ほっそりした背中に回った銀時の手がぎゅっと着物を掴む。目を閉じてほんの少しだけその体温を堪能した雪子は、銀時の首根っこを掴むと万事屋の二人に向かってぶん投げた。
「ぐえっ」
「銀ちゃん!」
鬼兵隊の二人が姿を消している。理由はわかっていた。天人の軍勢が銀時と桂の首を取りにやって来るのだ。私のもんに手ェ出すとはいい度胸してんなァと思わなくもないが、その協定を取り付けたのは高杉自身だ。なら、放っておいてもいいだろう。それよりも雪子にはやらなければならないことがある。

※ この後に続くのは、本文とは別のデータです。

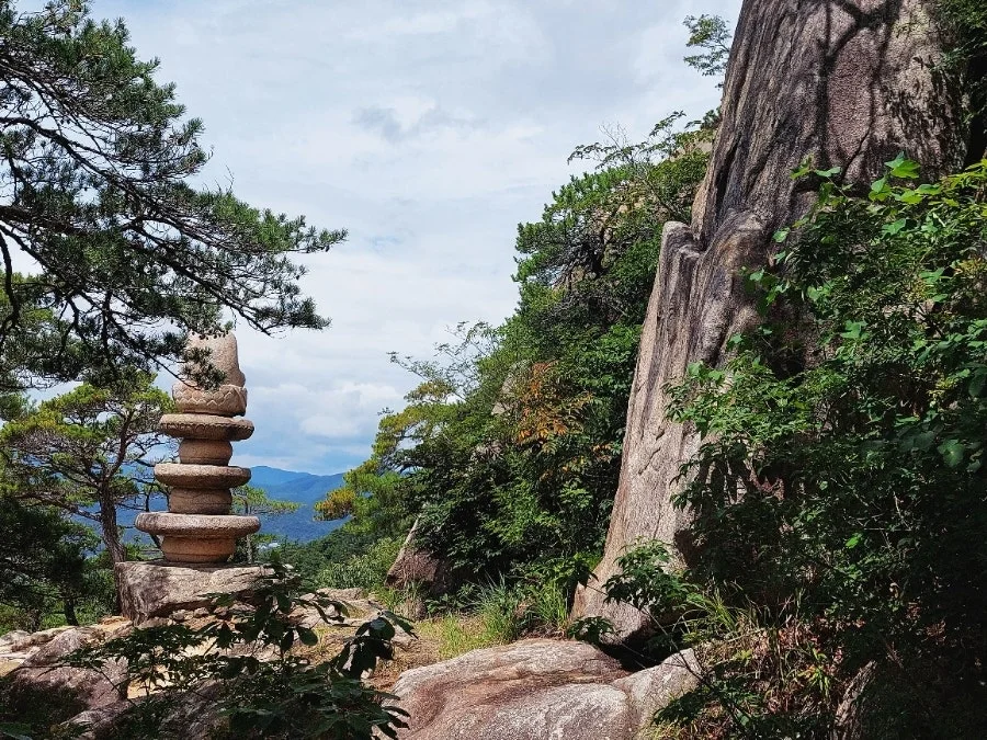 산길을 벗어나기 얼마 전 내 앞을 무언가 휘리릭 지나는 것을 본다. 작은 초록색 뱀이다. 놀라 우뚝 멈췄는데 하는 양을 보니 제가 더 놀란 모양이다. 정신없이 길을 가로지르더니 그 아래 숲 바닥으로 절벽에서 몸을 툭 던지듯 떨어지는 거다. 뭐, 다치지는 않았을 거라 걱정은 하지 않는다. 그저 나보다 더 놀란 뱀이 우스워 키득키득 웃었다. 아무래도 언제나 산의 짐승들이 사람 기척에 더 놀라는 것 같다. 나는 최상위 포식자 사람이다. 어흥, 놀라 어서 도망가거라!(실은 내가 무서우니라)

「私は任務を果たさねーと。万事屋、上にいる一般人二人の保護もよろしくぅ」
敢えて屋号を呼んで言うと、雪子の意思は固いと見た銀時がくるりと背を向けてフラフラと歩き出す。雪子のことも気になるが満身創痍の銀時も支えなければ。視線が揺らぐ二人に、安心させるように笑いかけた。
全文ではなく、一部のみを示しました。